Obligatory Assignment 1
-
Read the preface
-
Deadline:
Monday, March 31, 2025, at 23:59Friday, April 4, 2025, at 23:59
Task 1 – Differentiation
Subtask 1.a – Analytical Differentiation
Consider the following functions:
- \[f_1(x) = x^3 - 2x^2 + 3x - 5\]
- \[f_2(x) = e^x \sin(x)\]
- \[f_3(x) = \frac{1}{1 + x^2}\]
Write the analytical expressions for their derivatives.
Subtask 1.b – Numerical Differentiation
Implement finite difference methods in Python:
- Forward difference: \(f'(x) \approx \frac{f(x+h) - f(x)}{h}\)
- Central difference: \(f'(x) \approx \frac{f(x+h) - f(x-h)}{2h}\)
- Backward difference: \(f'(x) \approx \frac{f(x) - f(x-h)}{h}\)
Use a small step size \(h = 10^{-5}\) and compute numerical derivatives at \(x = 1\) for each function. Compare the results with the analytical derivatives at the same point. In case, analyze how different values of \(h\) affect the error.
Subtask 1.c – Automatic Differentiation
Using an automatic differentiation (AD) library such as nanograd (the preferred choice) or autograd, compute the derivatives for the given functions at \(x = 1\). Compare the results with both the analytical and numerical derivatives.
Subtask 1.d – Multivariate and Higher-Order Differentiation
Consider the following function:
\[f_4(x, y) = x^2 y + e^x \sin(y)\]- Compute the gradient of the function analytically.
- Compute the gradient of the function by automatic differentiation using nanograd or autograd at \(x=3\) and \(y=5\).
- Compare the analytical and automatic differentiation results.
- Compute the second derivative (Hessian) matrix analytically.
Task 2 – Positive Definite Matrices
Subtask 2.a
Give an example of a matrix \(2 \times 2\) that is not positive definite despite having all positive entries.
Subtask 2.b
If \(A\) is a positive definite matrix, must its diagonal elements all be positive? Explain.
Subtask 2.c
For a matrix \(A\) of size \(2\times 2\) that is not positive definite:
- plot the quadratic function \(f(\vec x)=\frac{1}{2} \vec x A \vec x\),
- describe the surface of \(f\) and
- conclude whether it is convex or not. What kind of point is \(\vec x\) if it satisfies \(\nabla f(\vec x)=0\)?
Task 3 – Descent Direction Iteration Methods
Compare, experimentally, different iterative descent methods on the bbob
function suite of the COCO test platform.
The methods must be selected among those treated in the course and listed in this page.
A high level classification of the methods with a few examples can be the following:
- Gradient-Based Methods (First and Second Order)
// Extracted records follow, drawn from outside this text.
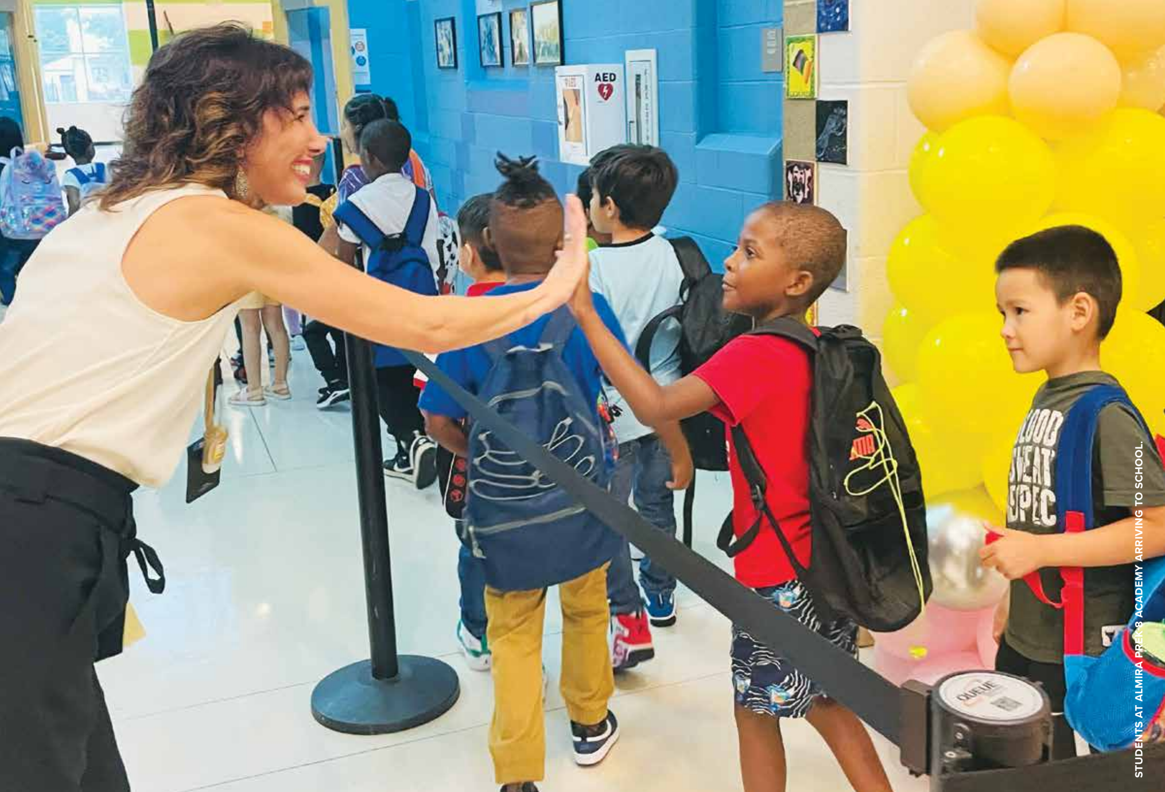
STUDENTS AT ALMIRA PRE-K 8 ACADEMY ARRIVING TO SCHOOL.

From the moment scholars enter the school buildings, their academic, social-emotional, and overall quality of learning are CMSD's top priority.
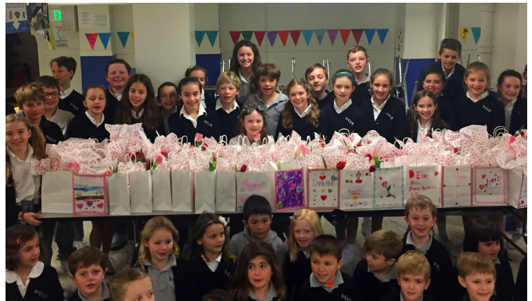
St. Vincent de Paul 5th Graders and their special Valentine's Day gifts.
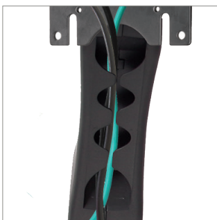
Cable management is integrated throughout the mount for a neat and tidy installation
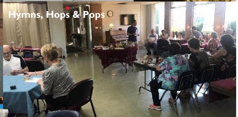
Hymns, Hops & Pops
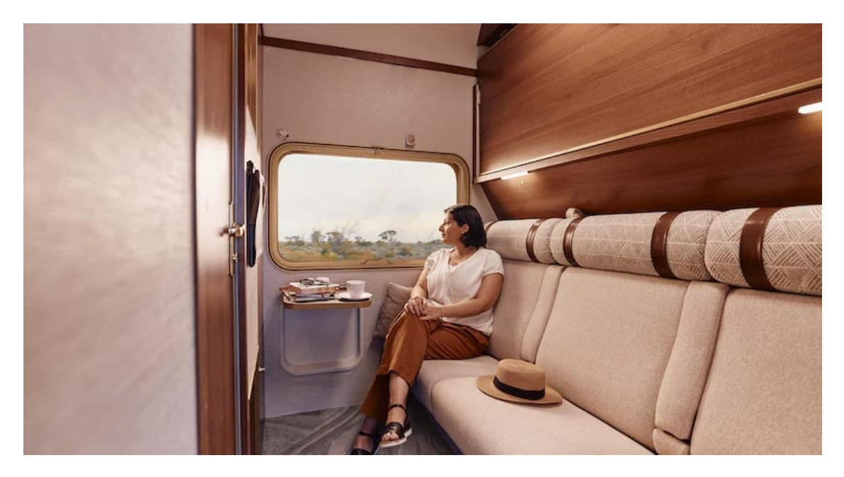
Prices are dynamic based on travel dates. Please proceed to Book Now or Contact Us for details.
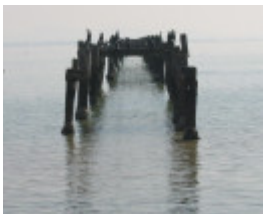
H2088 Clifton Springs Aug 05 long jetty
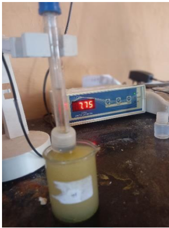
8.1 Determination of PH

5 to 6 ml of the soap was weighed accurately in a 100 ml beaker 40 ml water was added and dispersed the soap in it. The ph of the solution is determined by using digital ph meter. Ph of soap is 7-9
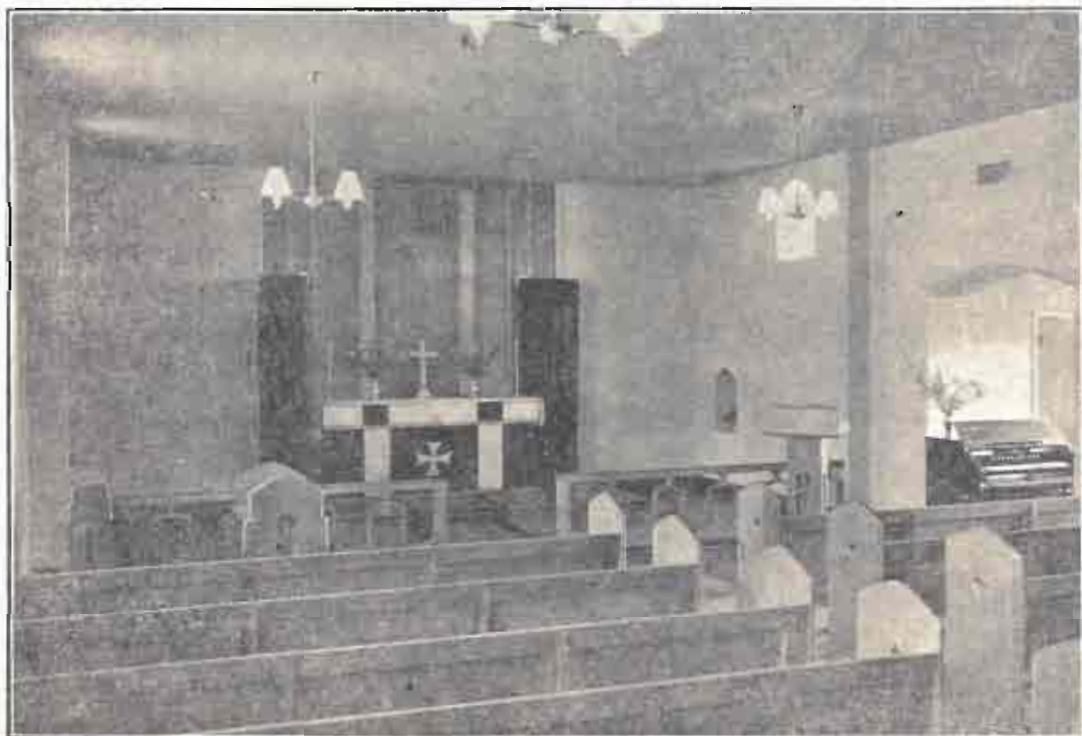
The Chapel where services for each denomination are regularly held.
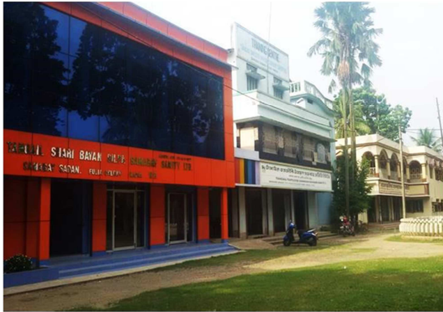
Fig. 3. Samabay Sadan (Co-operative Societies of Fulia).

Hence, the desired development of this industry happened from 1980. This development becomes possible not only for the Co-operatives but for the individual venture also. At present, this handloom industry is well appreciated in our state as well as in India and worldwide.
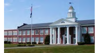
Loudoun County Schools 15 schools in northern VA ~1,200,000 sqft
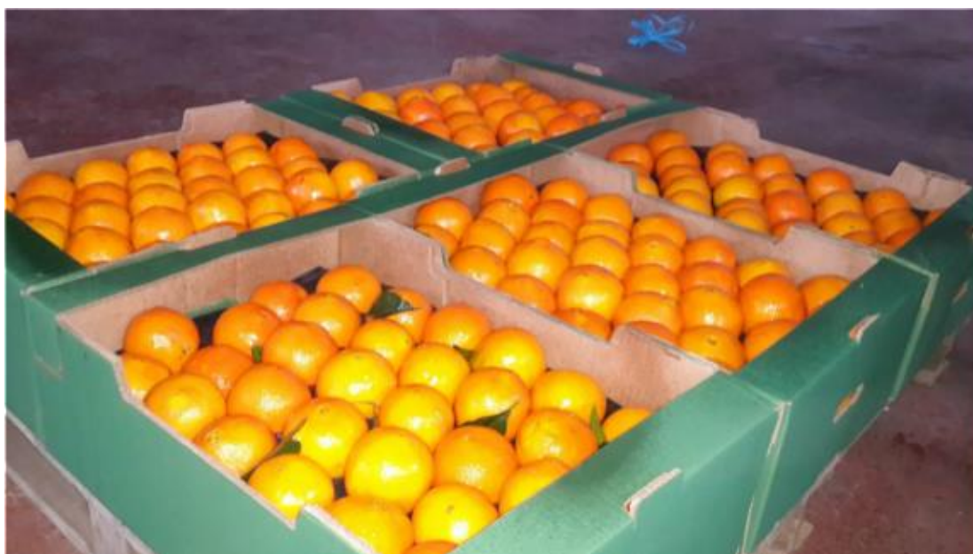
Products of the company.
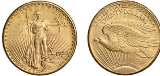
1378 Twenty Dollars, 1925. Extremely fine
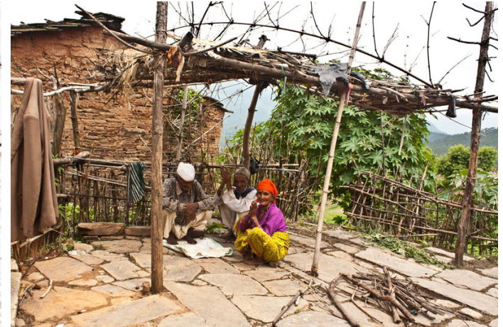
Senior citizens of the village relaxing in courtyard.

- Gradient Descent with exact and inexact line search
- Newton’s Method with backtracking line search.
- Derivative-Free Methods
- Powell’s Method or Nelder-Mead Simplex method
It is important that you test algorithms from both these two classes. You can
implement your own versions of algorithms, use those from libraries:
scipy.optimization
, autograd
, etc. or use the results archived in COCO. You
can also construct your own hybrid algorithms putting together different
elements.
Remarks:
-
It is important that you provide a description of the algorithms you have tested. The description should not leave space to misinterpretations and unspecified parts but can refer to components studied in the course without having to give the details about them. For example, it is sufficient to refer to a strong backtracking line search to describe which approximated line search has been used.
-
You can use the COCO platform to run the experiments and create the analysis. Beside the web page of the platform, you find examples on how to do this also in the course web page in the solutions of exercise sheet 3. Note that letting you explore the COCO platform and learn how to carry out tests and analysis is one of the primary goals of this Task.
-
In the report, you must include a few meaningful visualization of the results. Further, you must explain and reflect on the results you gathered and draw conclusions. In particular, it is interesting observing differences in algorithm performance under different conditions (functions, dimensions, parameters) possibly putting in relation characteristics of the functions with the performance of the algorithms (eg, non-smooth functions or noisy functions).
-
The number of algorithms to include in the comparison should be greater than two but should not be too large that the plots become cluttered.